UNITED STATES
SECURITIES AND EXCHANGE COMMISSION
WASHINGTON, D.C.  20549

FORM 8-K

CURRENT REPORT PURSUANT
TO SECTION 13 or 15(d) OF THE
SECURITIES EXCHANGE ACT OF 1934

DATE OF REPORT (Date of earliest event reported):   February 10, 2014

DELTA APPAREL, INC.
(Exact name of registrant as specified in its charter)

 
Georgia
 
 
(State or Other Jurisdiction
of Incorporation)
 
 
 
 
1-15583
 
58-2508794
(Commission File Number)
 
(IRS Employer Identification No.)

322 South Main Street,
Greenville, South Carolina
 
29601
(Address of principal executive offices)
 
(Zip Code)

 
(864) 232-5200
 
(Registrant's Telephone Number
Including Area Code)
Not Applicable
(Former name or former address, if changed since last report)

Check the appropriate box below if the Form 8-K filing is intended to simultaneously satisfy the filing obligation of the registrant under any of the following provisions (see General Instruction A.2. below)
[ ] Written communications pursuant to Rule 425 under the Securities Act (17 CFR 230.425)
[ ] Soliciting material pursuant to Rule 14a-12 under the Exchange Act (17 CFR 240.14a-12)
[ ] Pre-commencement communications pursuant to Rule 14d-2(b) under the Exchange Act (17 CFR 240.14d-2(b))
[ ] Pre-commencement communications pursuant to Rule 13e-4(c) under the Exchange Act (17 CFR 240.13e-4(c))


1



Item 4.01 Change in Registrant’s Certifying Accountant.
(a) The Audit Committee of the Board of Directors (the “Audit Committee”) of Delta Apparel, Inc. (the “Company”) has completed a competitive selection process for an audit firm to serve as the Company’s independent registered public accounting firm for the fiscal year ending September 27, 2014, and the transition period resulting from the recent change in the Company's fiscal year-end.

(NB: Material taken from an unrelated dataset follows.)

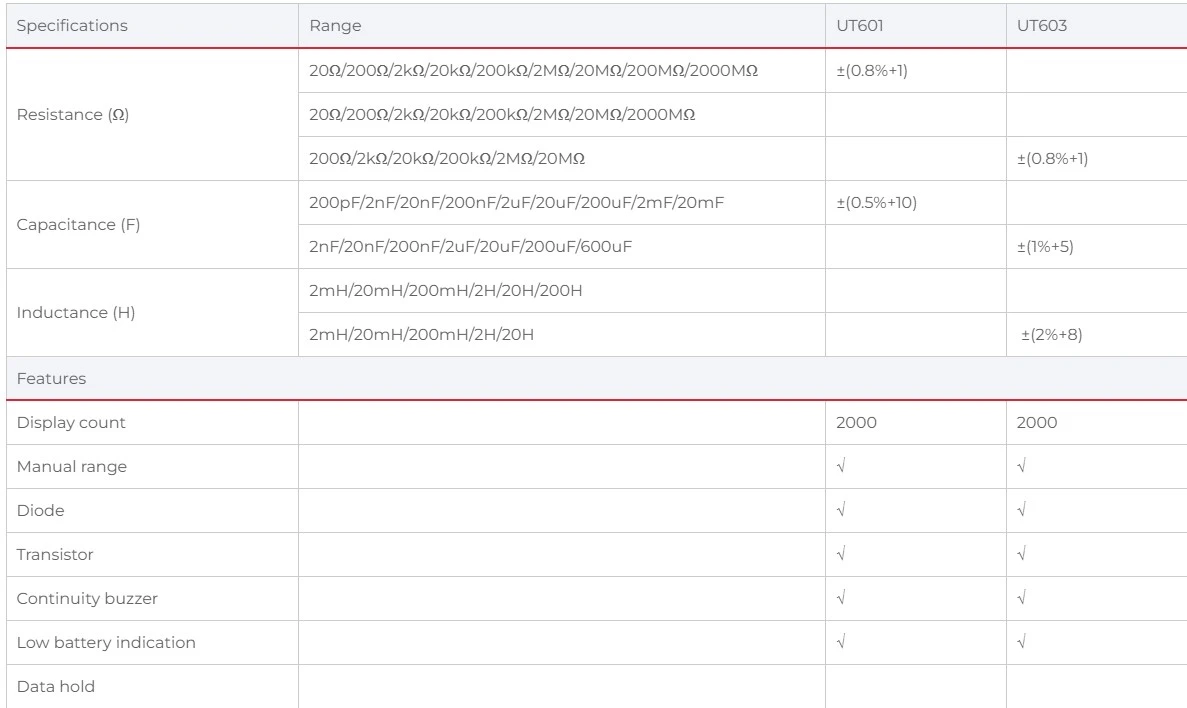 UT600 series digital inductance capacitance meters are used to test resistors, capacitors and inductors. They can also be used to measure transistor parameters.

As a result of this process and following careful deliberation, on February 10, 2014, the Audit Committee approved the engagement of KPMG LLP (“KPMG”) as the Company’s independent registered public accounting firm for the fiscal year ending September 27, 2014, and aforementioned transition period and dismissed Ernst & Young LLP (“Ernst &Young”) from that role. The engagement of KPMG is effective as of February 13, 2014.
The reports of Ernst & Young on the Company’s consolidated financial statements for the fiscal years ended June 29, 2013, and June 30, 2012, did not contain an adverse opinion or a disclaimer of opinion, and were not qualified or modified as to uncertainty, audit scope or accounting principles. During the fiscal years ended June 29, 2013, and June 30, 2012, and the subsequent interim period through February 10, 2014, there were no (i) “disagreements” (as that term is defined in Item 304(a)(1)(iv) of Regulation S-K) with Ernst & Young on any matter of accounting principles or practices, financial statement disclosure, or auditing scope or procedure, which, if not resolved to Ernst & Young’s satisfaction, would have caused Ernst & Young to make reference to the subject matter thereof in its reports for such fiscal years and interim period, or (ii) “reportable events” as that term is described in Item 304(a)(1)(v) of Regulation S-K.
The Company provided Ernst & Young with a copy of the disclosures it is making in this Current Report on Form 8-K and requested that Ernst & Young furnish a letter addressed to the Securities and Exchange Commission stating whether it agrees with such disclosures. A copy of Ernst & Young’s letter, dated February 13, 2014, is filed herewith as Exhibit 16.1.
(b) During the fiscal years ended June 29, 2013, and June 30, 2012, and the subsequent interim period through February 13, 2014, neither the Company nor anyone on its behalf consulted with KPMG regarding (i) the application of accounting principles to a specified transaction, either completed or proposed, or the type of audit opinion that might be rendered on the Company’s financial statements, and no written report or oral advice was provided to the Company that KPMG concluded was an important factor considered by the Company in reaching a decision as to any accounting, auditing or financial reporting issue; or (ii) any matter that was either the subject of a “disagreement” (as that term is defined in Item 304(a)(1)(iv) of Regulation S-K) or a “reportable event” (as that term is described in Item 304(a)(1)(v) of Regulation S-K).
Item 9.01 Financial Statements and Exhibits.
(d) Exhibits
The following exhibit is filed in accordance with the provisions of Item 601 of Regulation S-K:
 
Exhibit Number
Description
 
 
16.1
Letter from Ernst & Young LLP, dated February 13, 2014.


2



SIGNATURES

Pursuant to the requirements of the Securities Exchange Act of 1934, the registrant has duly caused this report to be signed on its behalf by the undersigned hereunto duly authorized.


 
 
DELTA APPAREL, INC.
 
 
 
 
 
 
Date:
February 13, 2014
/s/ Deborah H. Merrill
 
 
Deborah H. Merrill
 
 
Vice President, Chief Financial Officer & Treasurer
 
 
 






3


Exhibit 16.1



February 13, 2014

Securities and Exchange Commission
100 F Street, N.E.
Washington, DC 20549
Ladies and Gentlemen:
We have read Item 4.01(a) of Form 8-K dated February 13, 2014, of Delta Apparel, Inc. and are in agreement with the statements contained in the second and third paragraphs of page 2 therein. We have no basis to agree or disagree with other statements of the registrant contained therein.